Real Wedding Budgets are Higher than “National Averages”
But understanding a $50,000 price quote for a wedding venue is only really helpful when viewed in the context of the full wedding budget. So we asked! How much are couples expecting to spend on their weddings? The answer may surprise you based on other average wedding cost studies, but we actually weren’t shocked to learn that 40% of couples have a projected total wedding budget of more than $76,000.
This may be because wedding costs typically fall into six tiers, ranging from intimate weddings that cost $1,000 or less to “ultra luxury” weddings with overall costs of $500,000 or more—and an “average” wedding cost number gets skewed by how many couples fall at each end of the spectrum.
The Vast Majority of Couples Are Getting Some Financial Help
So with higher costs than before the pandemic, price increases due to inflation, and budgets that are getting blown out of the water, how the heck are couples paying for their 2022 weddings? The answer is simple: with some help. A whopping 80% of couples surveyed indicated that they have family-members who are contributing to the wedding costs. Another popular method (22%) is putting expenses on credit cards that can be paid off at a later date, while a small handful of couples (less than 3%) are taking out bank loans to pay for their weddings. All in all, 82% of couples say they're getting some sort of financial help.

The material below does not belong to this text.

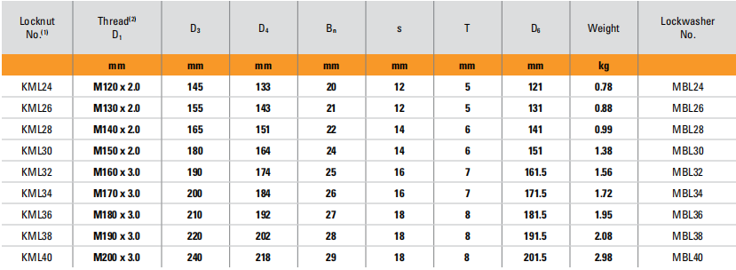 KML24 M120x2.0 145 133 20 0.78 MBL24

It’s Going to Be a Very Busy Wedding Season
Of course, not only are couples busily navigating their own 2022 weddings—they’re also attending them as wedding guests—and lots of them. From 2020 postponements, to people who held off through 2021, to newly engaged couples eager to wed before 2023 (and before inflation and wedding costs get any higher), 48% of couples said they anticipate attending 3-5 weddings in 2022—and a solid 14% are attending 6-10!
So be sure you’re budgeting for the expenses that come with celebrating your loved ones too!